Thirty years later, Carrie's children discover that Hepzibah and Mr Johnny are living in a converted barn at Druid's Bottom, having escaped the fire, which was seemingly accidental. Mr Johnny's speech has improved considerably thanks to help from a speech therapist, a friend of Albert Sandwich. Albert, who also escaped the fire, still visits them every month, and is looking to buy and restore the ruined house for them to live in again one day. Auntie Lou, now Mrs Harper, lives in North Carolina with her husband, and they have at least one son.
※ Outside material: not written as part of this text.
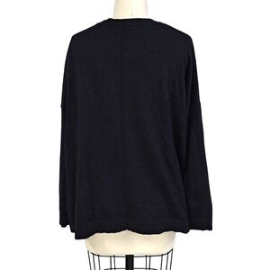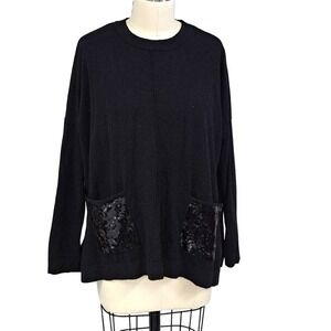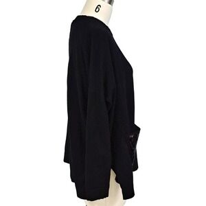 Donna Karan black wool knit lagenlook sweater w/sequin pockets S

Evans, grieving and lonely, died long ago.

== Reception ==
Kirkus Reviews commended the author stating "Carrie's insight into the loneliness of an unsympathetic old man," before going to praise the novel stating that it was "a story of hushed suspense and emotional complexity."

==Awards and nominations==
Carrie's War won the 1993 Phoenix Award from the Children's Literature Association as the best English-language children's book that did not receive a major contemporary award when it was originally published twenty years earlier. The award is named after the mythical bird phoenix, which is reborn from its ashes, to suggest the book's rise from obscurity.

==Film, TV or theatrical adaptations==
Carrie's War has been adapted twice for television by the BBC, first in 1974, and then again in 2004. The original 1974 version starred Juliet Waley as Carrie, and Rosalie Crutchley as Hepzibah. The more recent 2004 BBC television film version (broadcast in America on PBS – Masterpiece Theatre in 2006) starred Keeley Fawcett as Carrie, Alun Armstrong as Mr Evans, Geraldine McEwan as Mrs Gotobed, Eddie Cooper as Albert Sandwich, Jamie Beddard as Johnny and Pauline Quirke as Hepzibah. The second remains available on DVD, distributed by Acorn Media UK.

A stage adaptation by Novel Theatre ran at Sadler's Wells in 2006–2007 and had a successful West End run starring Prunella Scales from June to September 2009, despite mixed reviews. One of them notes plot similarities with Gothic fiction and John Buchan's 1912 story "The Grove of Ashteroth".